Новые обязанности были многообразны и хлопотны, но они освобождали от несения караульной службы, и подпрапорщик наш смог посещать в 1750–1751 гг. занятия в последних двух классах Сухопутного шляхетского кадетского корпуса, располагавшегося в здании бывшего Меншиковского дворца. Эти годы серьезно расширили круг знаний и развернули его кругозор, привили окончательно любовь к наукам, вкус к литературе и завершили его формирование как разносторонне образованного молодого человека эпохи Просвещения. Таким как по глубине знаний, так и по особенностям мышления и мировоззрения он останется на всю жизнь.

Рвение его по службе и успехи в образовании не остались незамеченными. Соковнин аттестовал своего ординарца отлично, и тот 8 июня 1751 г. был произведен в сержанты. Быть сержантом гвардии в те времена было почетно и требовало определенной светскости и представительности. Сержант уже не мог ходить по городу пешком, Г. Р. Державин, служивший в л. — гв. Преображенском полку, вспоминал, как он сам обязан был ездить в карете, запряженной четверкой[73], и это было не результатом чванства, а непременным требованием престижа гвардейского звания. В отставку гвардии сержант имел право выйти вторым офицерским чином по армии, как и унтер-офицеры, он имел право (а в известном смысле и был обязан) посещать придворные балы, концерты и маскарады. Не вызывает сомнения, что сержант Суворов посещал их, но все-таки главный интерес его лежал не в этой сфере. Служба привлекала его более всего, и именно по этой причине уже тогда сверстники-дворяне считали его чудаком.

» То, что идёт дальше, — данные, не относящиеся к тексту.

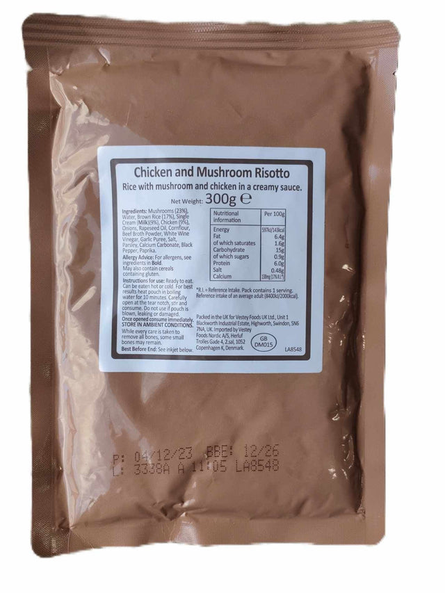 The British Military Ration Main Meal Pouch - Chicken & Mushroom Risotto 300g are great for outdoor use or alternatively stocking up your long term survival supplies! These pouches were originally designed for use within the British military, thus are perfectly nutritionally balanced for survival purposes. You can eat them cold straight from the bag or boil in the bag for a quick and easy meal within minutes!
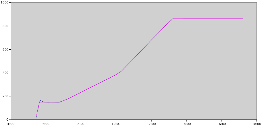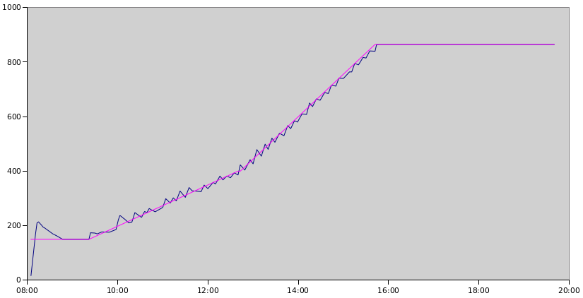 (Again, sorry, no axis labels. Gnumeric makes this hard. X is time, Y is temperature in °C, pink line is desired temperature, blue line is measured temperature).
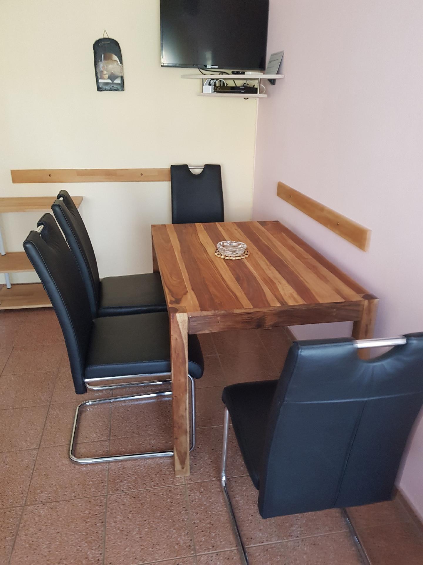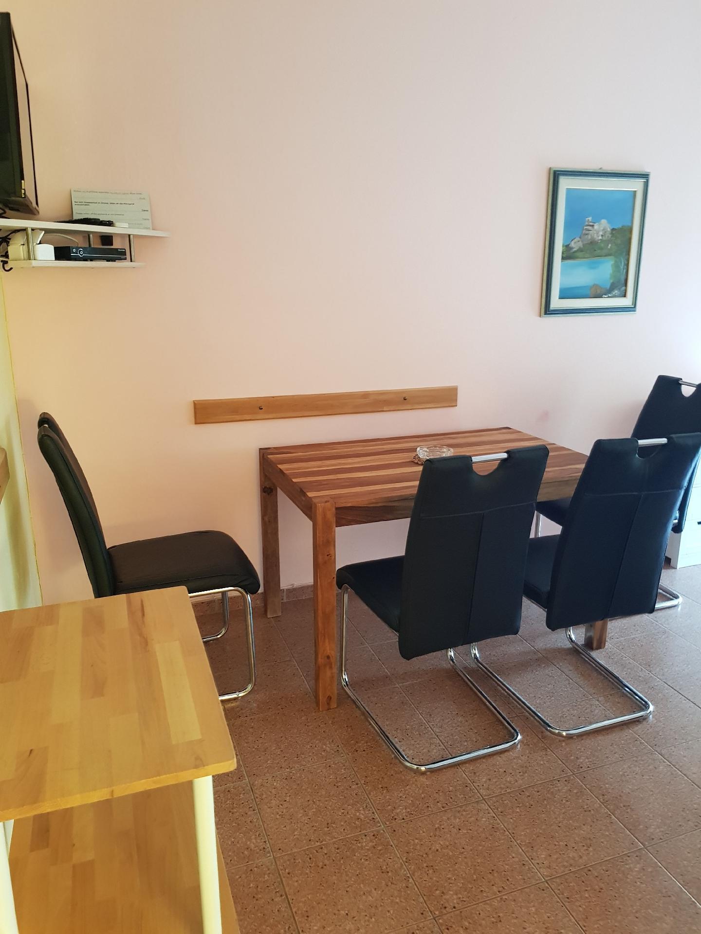 Inside, you will find a comfortably furnished bedroom with two single beds, ideal for a restful night's sleep. Two further sleeping options with a double bed provide additional sleeping comfort. Technical amenities such as WiFi, air conditioning (partial) and a TV with satellite connection ensure modern comfort. There is also a washing machine available for exclusive use, making your stay a pleasant one even for longer periods. A coffee machine and kettle are available for cosy hours and the preparation of small snacks.
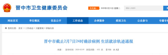 2月9日,山西省晋中市卫健委官网通报了该市截至2月7日24时确诊病例生活就诊轨迹。

Об этом ротный командир говорил отцу Суворова, что сын:

«сам напрашивается на трудные служебные обязанности, никогда ни для каких надобностей служебных не нанимает за себя солдат, а исполняет сам; любит учить фронту, причем весьма требователен, большую часть времени проводит в казармах; солдаты очень его любят, но все считают чудаком…»[74]

Таким образом, его репутация «чудака», переросшая с годами в характеристику чуть ли не сумасшедшего, стала закладываться еще в юности. В чем тут усматриваем мы корень проблемы? Она в вечном столкновении человека одушевленного, служащего избранной им идее, с миром людей посредственных, обыкновенных. Они тоже служат идее, но она у них мелкая и пошлая: идея собственного преуспеяния за счет других. Идея карьеризма, прислужничества, скаредного накопительства, духовного и материального крохоборства, так прекрасно выписанная великим Гоголем в образах Чичикова, Собакевича и Плюшкина, органически враждебна идее служения, основанной на первенстве духовного над материальным.

Действительно, юноша, который «губит» свои лучшие годы на изучение уставов, чтение толстых и скучноватых книг, на обучение сиволапых рекрутов фрунту, на разговоры с грубыми солдатами, для трезвомыслящих обывателей в гвардейских мундирах — бестолковый чудак.

Постепенно серьезным отношением к службе, энергией, исполнительностью и сообразительностью он создал себе репутацию в глазах начальства. И в начале весны 1752 г. ему было дано важное поручение. 5 марта он получил за подписью канцлера графа А. П. Бестужева-Рюмина дипломатический курьерский паспорт, в котором значилось:

«Божией милостью Мы, Елисавета Первая, Императрица и Самодержица Всероссийская и прочая, и прочая, и прочая. Объявляем через сие всем и каждому, кому о том ведать надлежит. Понеже предъявитель сего, нашей лейб-гвардии сержант Александр Суворов отправлен отсюда для наших дел в Дрезден и Вену, того ради Мы всех высоких областей дружелюбно просим и ото всех и каждого по состоянию чина и достоинства, кому сие предъявится, склонно желаем.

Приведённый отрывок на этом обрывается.